About this task →
Within the material below, transcribe exactly the lines from the one holding "查看更多 收起部分 喜欢就支持一下吧收藏" through the one holding "Sliding door to", keeping both ends and skipping the rest.

Dataset →
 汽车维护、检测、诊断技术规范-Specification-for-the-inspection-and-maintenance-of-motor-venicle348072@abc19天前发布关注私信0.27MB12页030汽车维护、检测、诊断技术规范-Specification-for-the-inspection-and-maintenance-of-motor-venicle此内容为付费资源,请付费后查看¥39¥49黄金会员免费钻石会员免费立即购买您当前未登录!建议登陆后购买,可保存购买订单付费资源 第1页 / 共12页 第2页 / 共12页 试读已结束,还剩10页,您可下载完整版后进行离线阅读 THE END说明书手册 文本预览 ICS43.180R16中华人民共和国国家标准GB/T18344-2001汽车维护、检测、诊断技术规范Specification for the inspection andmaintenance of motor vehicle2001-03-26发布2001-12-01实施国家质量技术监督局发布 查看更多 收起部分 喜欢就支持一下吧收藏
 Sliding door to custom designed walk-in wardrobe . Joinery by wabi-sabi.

==

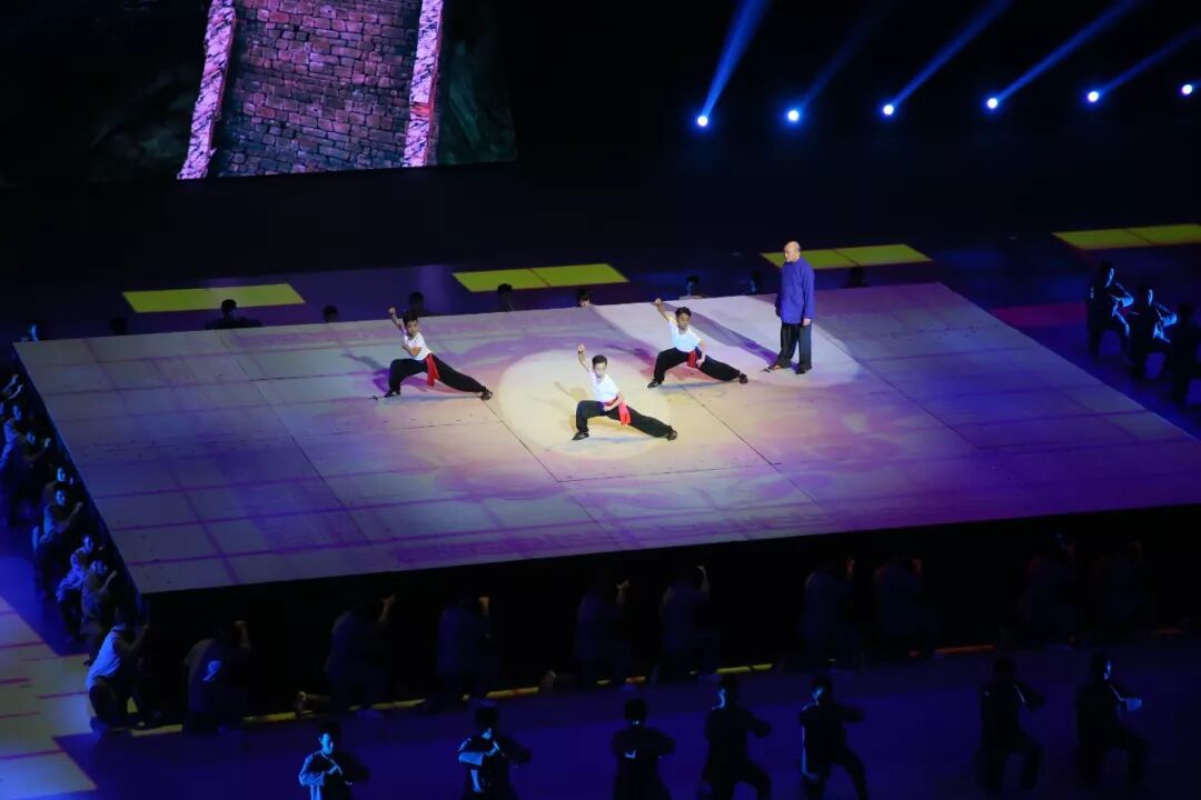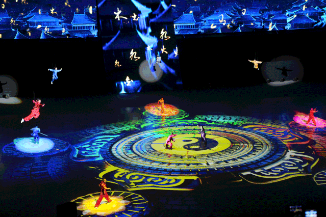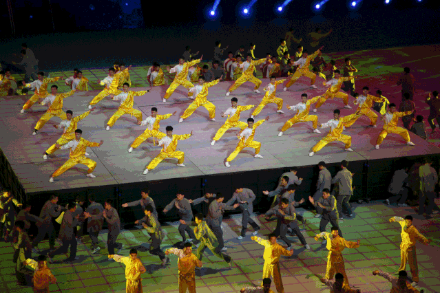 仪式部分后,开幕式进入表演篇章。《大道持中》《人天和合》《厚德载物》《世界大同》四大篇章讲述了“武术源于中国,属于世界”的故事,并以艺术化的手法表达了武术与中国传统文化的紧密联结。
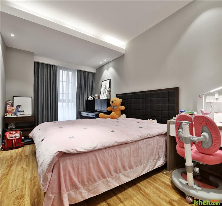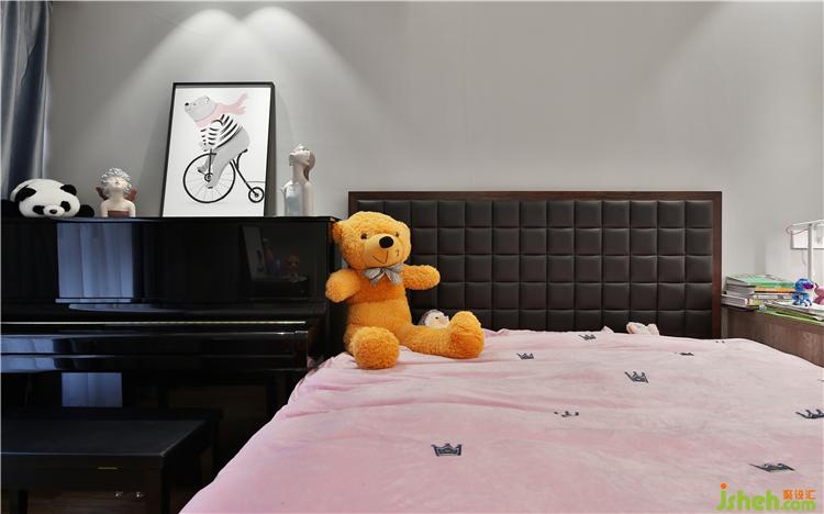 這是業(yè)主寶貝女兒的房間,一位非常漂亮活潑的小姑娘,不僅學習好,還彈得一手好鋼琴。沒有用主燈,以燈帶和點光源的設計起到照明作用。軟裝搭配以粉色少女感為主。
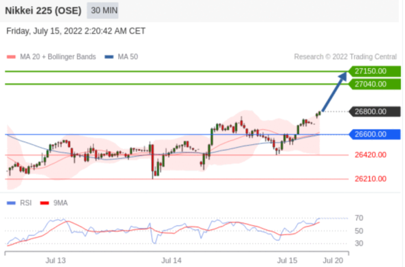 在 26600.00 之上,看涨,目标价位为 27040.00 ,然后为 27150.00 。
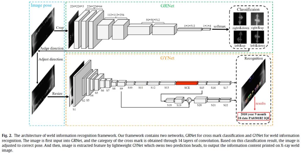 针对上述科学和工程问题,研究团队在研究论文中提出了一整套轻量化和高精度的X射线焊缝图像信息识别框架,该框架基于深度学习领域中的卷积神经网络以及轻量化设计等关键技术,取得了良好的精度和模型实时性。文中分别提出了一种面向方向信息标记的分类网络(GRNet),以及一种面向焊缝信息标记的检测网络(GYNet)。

* * *

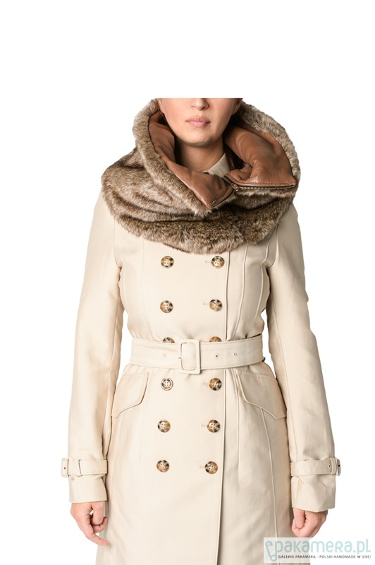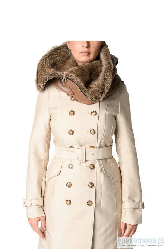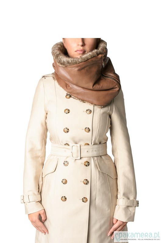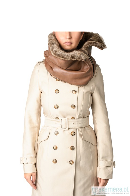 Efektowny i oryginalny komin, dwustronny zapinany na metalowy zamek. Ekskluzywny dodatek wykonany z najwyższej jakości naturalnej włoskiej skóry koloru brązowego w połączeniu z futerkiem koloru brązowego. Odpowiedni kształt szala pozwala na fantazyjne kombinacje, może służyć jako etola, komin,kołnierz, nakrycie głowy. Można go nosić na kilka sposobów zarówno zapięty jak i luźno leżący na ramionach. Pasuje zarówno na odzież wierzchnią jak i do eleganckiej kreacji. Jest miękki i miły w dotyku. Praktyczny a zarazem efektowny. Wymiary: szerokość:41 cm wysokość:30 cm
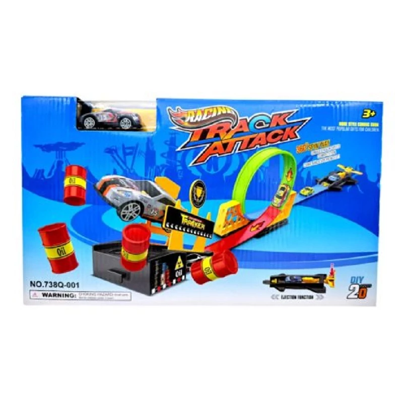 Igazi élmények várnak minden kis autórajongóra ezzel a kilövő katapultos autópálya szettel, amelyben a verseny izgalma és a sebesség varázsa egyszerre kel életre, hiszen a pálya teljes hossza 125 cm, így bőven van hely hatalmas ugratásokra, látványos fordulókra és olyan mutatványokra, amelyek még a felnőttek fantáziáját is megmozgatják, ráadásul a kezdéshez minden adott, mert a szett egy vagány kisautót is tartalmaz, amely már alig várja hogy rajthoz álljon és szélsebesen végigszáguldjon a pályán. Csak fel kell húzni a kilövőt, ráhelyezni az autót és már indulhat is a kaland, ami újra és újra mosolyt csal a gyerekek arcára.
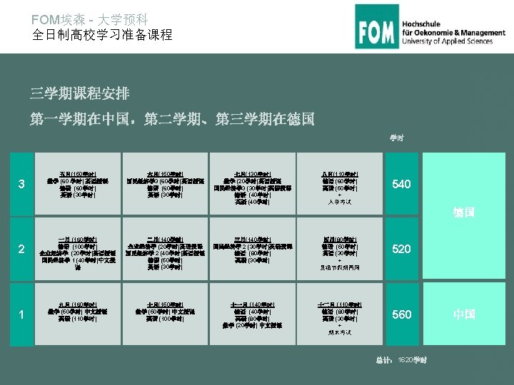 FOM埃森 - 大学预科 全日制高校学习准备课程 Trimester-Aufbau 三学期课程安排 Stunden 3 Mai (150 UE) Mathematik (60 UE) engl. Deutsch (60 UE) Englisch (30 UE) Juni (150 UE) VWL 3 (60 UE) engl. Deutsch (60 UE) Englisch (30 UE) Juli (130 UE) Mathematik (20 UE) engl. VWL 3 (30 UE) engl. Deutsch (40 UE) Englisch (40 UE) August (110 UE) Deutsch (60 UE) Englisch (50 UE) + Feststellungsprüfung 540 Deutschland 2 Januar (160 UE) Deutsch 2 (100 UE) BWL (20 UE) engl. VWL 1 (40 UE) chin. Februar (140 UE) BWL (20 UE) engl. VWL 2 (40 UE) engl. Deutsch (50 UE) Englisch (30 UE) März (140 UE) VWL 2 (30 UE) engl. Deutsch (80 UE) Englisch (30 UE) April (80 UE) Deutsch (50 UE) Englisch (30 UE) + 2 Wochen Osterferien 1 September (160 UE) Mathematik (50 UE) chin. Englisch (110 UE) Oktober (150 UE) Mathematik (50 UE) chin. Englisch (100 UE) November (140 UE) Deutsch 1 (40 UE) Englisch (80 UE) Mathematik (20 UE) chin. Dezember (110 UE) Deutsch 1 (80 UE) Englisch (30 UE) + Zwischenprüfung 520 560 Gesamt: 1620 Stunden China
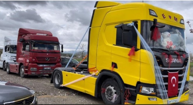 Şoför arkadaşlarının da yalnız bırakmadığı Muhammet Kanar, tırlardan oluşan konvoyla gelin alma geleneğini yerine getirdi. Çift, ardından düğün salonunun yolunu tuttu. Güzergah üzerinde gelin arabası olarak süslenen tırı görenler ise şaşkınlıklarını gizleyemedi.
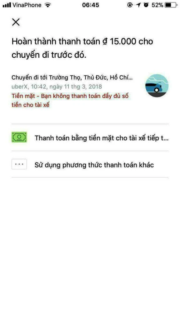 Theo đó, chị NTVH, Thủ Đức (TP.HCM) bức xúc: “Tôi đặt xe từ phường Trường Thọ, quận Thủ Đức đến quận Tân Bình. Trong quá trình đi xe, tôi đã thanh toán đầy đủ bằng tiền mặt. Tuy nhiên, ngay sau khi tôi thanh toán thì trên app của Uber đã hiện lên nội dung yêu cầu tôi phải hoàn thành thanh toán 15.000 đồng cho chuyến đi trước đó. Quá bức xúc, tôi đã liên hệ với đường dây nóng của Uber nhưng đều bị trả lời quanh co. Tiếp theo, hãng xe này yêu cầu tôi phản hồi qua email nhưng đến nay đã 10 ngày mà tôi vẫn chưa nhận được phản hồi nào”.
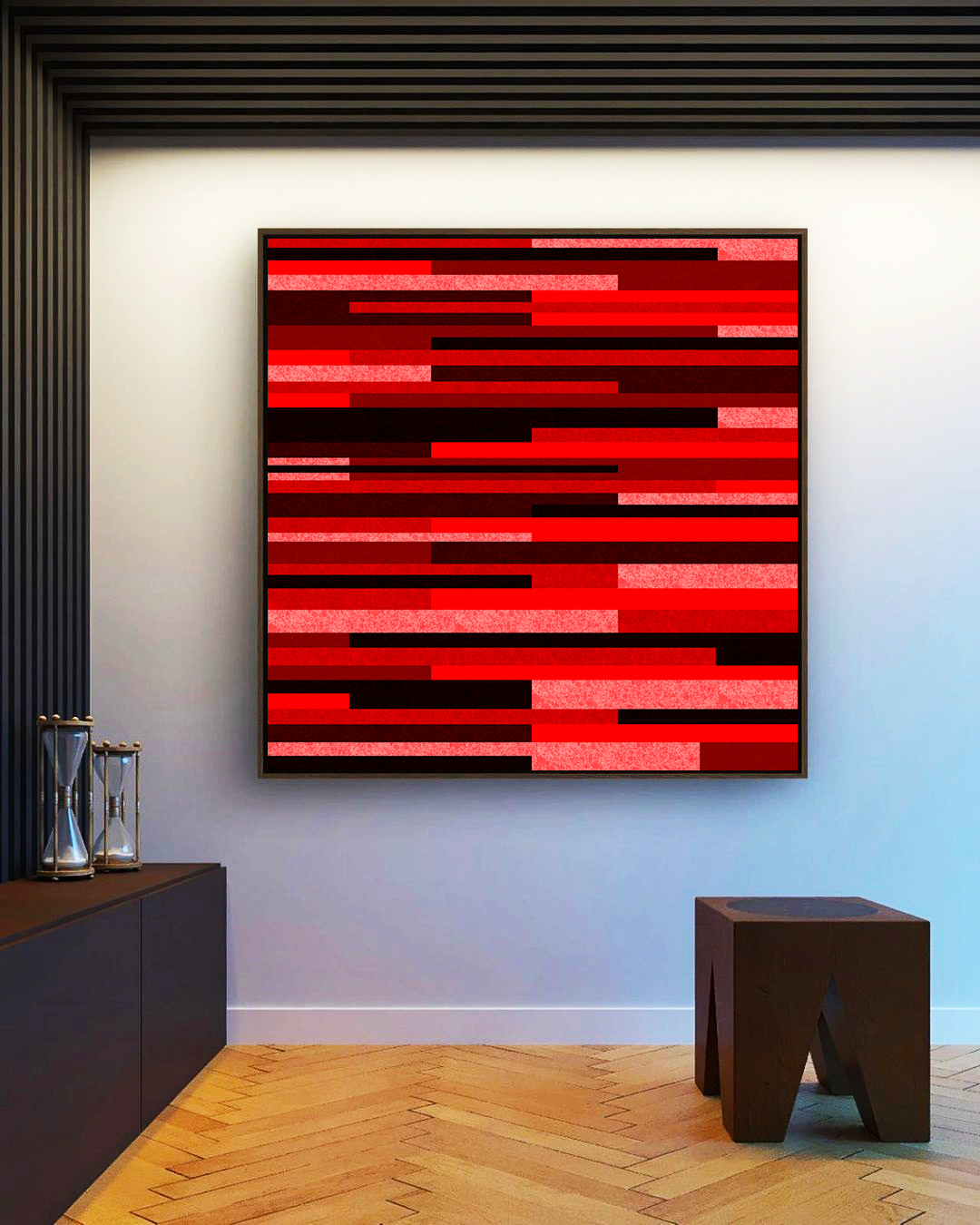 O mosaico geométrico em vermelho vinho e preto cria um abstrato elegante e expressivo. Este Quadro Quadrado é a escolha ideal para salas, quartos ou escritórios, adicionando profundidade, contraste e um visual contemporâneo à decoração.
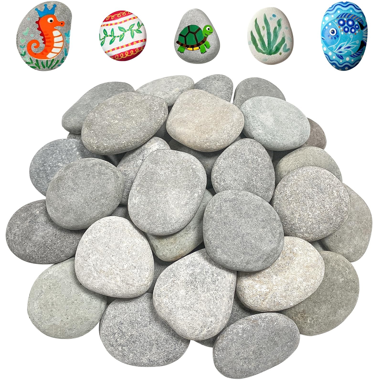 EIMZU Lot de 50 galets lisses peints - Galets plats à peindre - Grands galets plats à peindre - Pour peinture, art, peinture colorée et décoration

Problem solution →
 汽车维护、检测、诊断技术规范-Specification-for-the-inspection-and-maintenance-of-motor-venicle348072@abc19天前发布关注私信0.27MB12页030汽车维护、检测、诊断技术规范-Specification-for-the-inspection-and-maintenance-of-motor-venicle此内容为付费资源,请付费后查看¥39¥49黄金会员免费钻石会员免费立即购买您当前未登录!建议登陆后购买,可保存购买订单付费资源 第1页 / 共12页 第2页 / 共12页 试读已结束,还剩10页,您可下载完整版后进行离线阅读 THE END说明书手册 文本预览 ICS43.180R16中华人民共和国国家标准GB/T18344-2001汽车维护、检测、诊断技术规范Specification for the inspection andmaintenance of motor vehicle2001-03-26发布2001-12-01实施国家质量技术监督局发布 查看更多 收起部分 喜欢就支持一下吧收藏
 Sliding door to custom designed walk-in wardrobe . Joinery by wabi-sabi.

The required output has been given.